As with any modern relationship, ours flourished with the help of Gchat, Facebook, facetime, email, we even got 1900s on that shit and wrote actual letters. He visited me. I visited him. There was always tension between us, but we lived apart. It was unrealistic and I was intent on keeping him in the friend box.
We were both dating other people. Him in droves. His stories were hilarious and when he was far away it was easy for me to keep my heart out of the equation, listen objectively, and laugh over his silly dating adventures. When he told me he was moving here, I didn’t believe him. A lost boy still working a bullshit job that left him unfulfilled, his words were always far grander than his actions.
But he did it. Moved here. And then shit got real.
I thought we’d be at each other’s throats, constantly bickering. But no. It was candy colored, blurred "I’ll Stop the World and Melt With You" magic. At least for me. Before long, I was completely in love with him. And like a fool, I played it cool. Tried to act like I wasn’t. Like I didn’t care.
He continued to date. I masqueraded as dating but secretly was planning our wedding and future life together. We’d have amazing weekends or magical moments, sometimes culminating in a physical exchange. It was never sex. It was... ya know... other stuff. I know you’re thinking duh warning sign. Huge flashing red light. He didn’t sleep with you. He’s just not that into you. I know. I read the book. Saw the movie. But it was there. Or at least sometime. Or so I thought.
I finally womaned up and told him that I was in love with him. On Bowery and Delancy. Post concert. In the rain. I proposed. Will you marry me? Told him I could envision our life together 10 years from now. Him with a toddler on his shoulders, talking to my dad, at Christmas.
Talk about fucking embarrassing. But sometimes it just all comes out in a can’t-control-what-I’m-saying-word-vomit-tear filled confession. I guess it’s not that shocking in retrospect. One can only repress feelings for so long. Spend four to five days a week with someone getting along famously, making out every now and again, telling each other your hopes and dreams? That shit is like a Molotov cocktail of latent emotions waiting to explode.
He asked what I wanted. I said, Just you. Only you. For life. He told me that it was just so much pressure. That he didn’t know how I could see that far in the future.
He also told me he was seeing someone. A 22-year-old he'd met through work. I could feel my heart collapse into my chest. How did he even have time to see someone? I had seen him the last three days almost completely. But of course he had time to see a cute young girl, one not saddled with the baggage of being in her thirties with an internal baby clock telling her to procreate stat.
He told me he loved me and that we were amazing together.

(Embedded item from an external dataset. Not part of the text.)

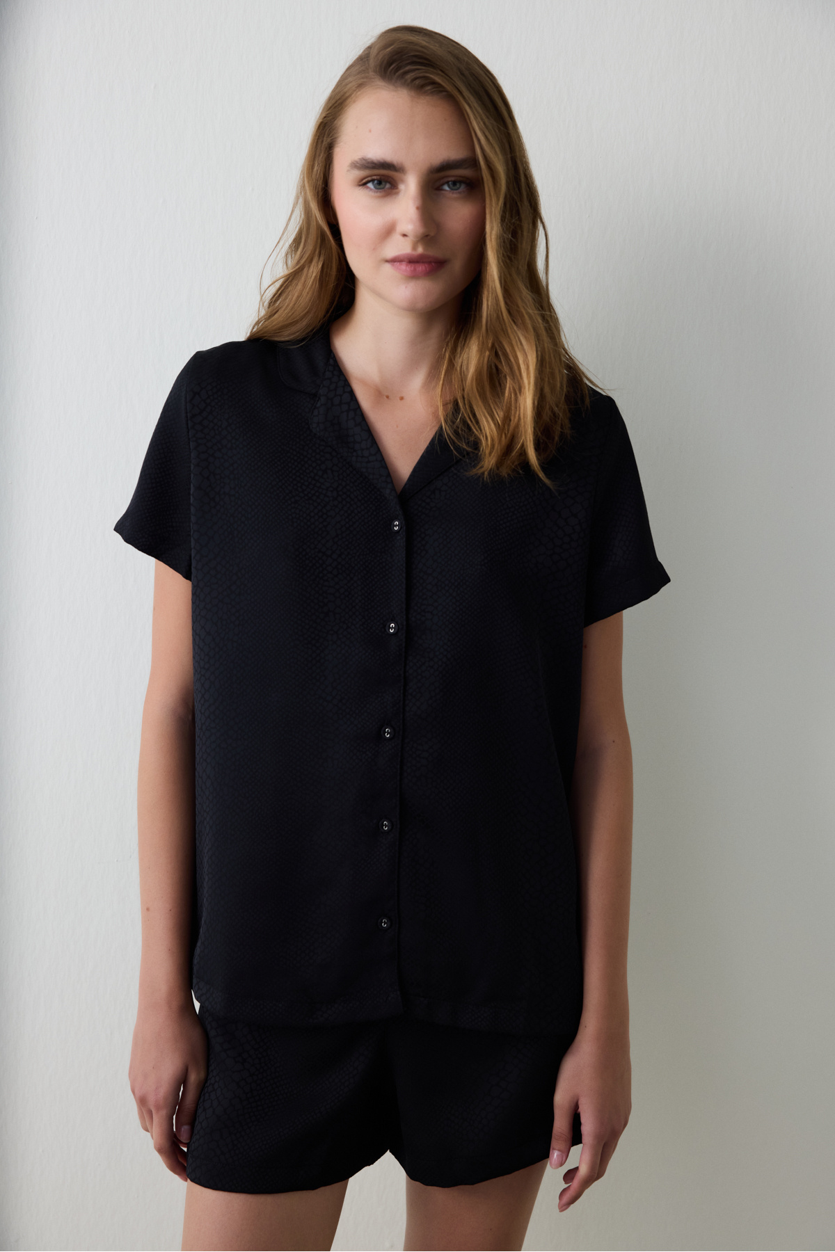 Siyah Fleur Saten V Yaka Ayarlanabilir Askılı Pijama Üstü Siyah Fleur Saten V Yaka Ayarlanabilir Askılı Pijama Üstü PN2INH8D25SK-BK3 XL

And I got angry and bitter. Pushed him to tell me that he wasn’t attracted to me. He didn’t. I sobbed asking, "How can we be 85%? How do I walk away from this amazing connection?" Nothing says sexy like percentages.
Anyway, he told me he was attracted to me. That there were moments that it was completely there. Moments. Who can deal with moments? I told him I was beautiful, accomplished, smart, and deserved someone who loved me -- who wanted to fuck me -- all the time. Well most of the time. Not in moments.
So I walked home. In the rain. My first marriage proposal a complete blow out. He wrote me an email yesterday. He got a full-time job offer with a production company. His first real full time gig. The email was heartfelt and sweet. Thanking me for believing in him. For pushing him. For loving him. And all I could do was cry.
And now I feel so stupid. How can my radar, my sense of attraction -- reciprocated attraction -- have been so off? How did I fall for someone so hopelessly, so completely, that clearly wasn’t into me? And moreover, how do you know when to wait? And when to walk?
I walked, but it’s really really hard.